Abstract

The reactions of H(2)COO with HO(2) and the HO(2)···H(2)O complex are studied by employing the high-level quantum chemical calculations with B3LYP and CCSD(T) theoretical methods, the conventional transition-state theory (CTST), and the Rice-Ramsperger-Kassel-Marcus (RRKM) with Eckart tunneling correction. The calculated results show that the proton transfer plus the addition reaction channel (TS1A) is preferable for the reaction of H(2)COO with HO(2) because the barriers are -10.8 and 1.6 kcal/mol relative to the free reactants and the prereactive complex, respectively, at the CCSD(T)/6-311++G(3df,2p)//B3LYP/6-311++G(d,p) level of theory.
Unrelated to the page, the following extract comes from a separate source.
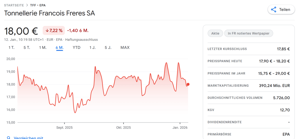 Would I buy TFF shares right now ? I don’t think so, but I won’t sell any right now either as my current exposure with around 3% of the portfolio (after the big decline) is quite low anyway. And, as mentioned in the Performance review, it forces me to review and follow the Alcohol/Spirits Sector in more detail.

Furthermore, the rate constant via TS1A (2.23 × 10(-10) cm(3) molecule(-1) s(-1)) combined with the concentrations of the species in the atmosphere demonstrates that the HO(2) radical would be the dominant sink of H(2)COO in some areas, where the concentration of water is less than 10(17) molecules cm(-3). In addition, although the single water molecule would lower the activated barrier of TS1A from 1.0 to 0.1 kcal/mol with respect to the respective complexes, the rate constant is lower than that of the reaction of HO(2) with H(2)COO.